Only when electric automobile is in controllable state, electric automobile could provide frequency adjustment assistant service to power network, I.e. electric automobile participates in power system frequency modulation.Therefore, when studying certain period electric automobile participation frequency modulation, it is necessary to be somebody's turn to do first The situation of change of controllable electric automobile quantity in the range of period, could further study how electric automobile participates in system frequency modulation, And its influence to whole region power system frequency.

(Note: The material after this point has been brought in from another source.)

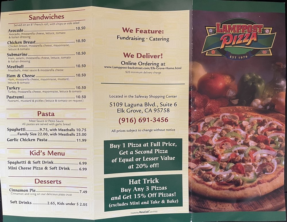 Lamppost Pizza in Elk Grove, CA is a casual yet classy spot offering delicious pizza and more. With options for delivery, takeout, reservations, and catering, they cater to all needs. Customers rave about the flavorful pizzas, with gluten-free crust and various toppings available. The ambiance is welcoming, perfect for gatherings or a cozy meal. The cheese, crust, and sauce are all praised for their quality, making each bite satisfying. The restaurant also offers a pizza buffet with salad and breadsticks, perfect for a hearty meal. Whether you're a regular or a first-timer, Lamppost Pizza promises a satisfying dining experience filled with great food and friendly service.

At present, the controllable electric automobile number change research to participating in system frequency modulation in certain period is more rare.It is external The electric automobile of some countries actual operation of existing certain scale, can obtain the actual number that part electric automobile accesses power network quantity According to, and then estimate the controllable electric automobile number change of participation system frequency modulation.And it is domestic, electric automobile is still pushed away in initial stage market Wide stage, the quantity of electric automobile is very limited, lacks real data and is supported as research, and the domestic electric automobile that is directed to participates in system The research of system frequency modulation is actually rare, lacks the algorithm research of the controllable electric automobile number change of participation system frequency modulation.
Therefore, one kind is badly in need of at present can rationally be estimated to the change of power system frequency modulation controllable electric automobile Number dynamics The method of meter.
The content of the invention
In view of this, it is an object of the invention to provide a kind of power system frequency modulation controllable electric vapour based on Monte Carlo Car Number dynamics change modeling method, the method by using monte carlo method come the operation feelings of stochastic simulation electric automobile The quantity of controllable electric automobile in condition, and then statistical regions.
To reach above-mentioned purpose, the present invention provides following technical scheme:
A kind of power system frequency modulation controllable electric automobile Number dynamics change modeling method based on Monte Carlo, including with Lower step:
Step one:Initialization electric automobile relevant parameter;
Step 2:Judge electric automobile classification, the entry/exit for determining all electric automobiles respectively according to different classifications can Control state timetable;
Step 3:Statistical analysis timetable, obtain each moment in region enters controllable state electric automobile quantity N 'in (ti) and go out controllable state electric automobile quantity N'out(ti);
Step 4:Calculate the accumulative vehicle number of entry/exit controllable state;
Step 5:Calculate the quantity of controllable electric automobile.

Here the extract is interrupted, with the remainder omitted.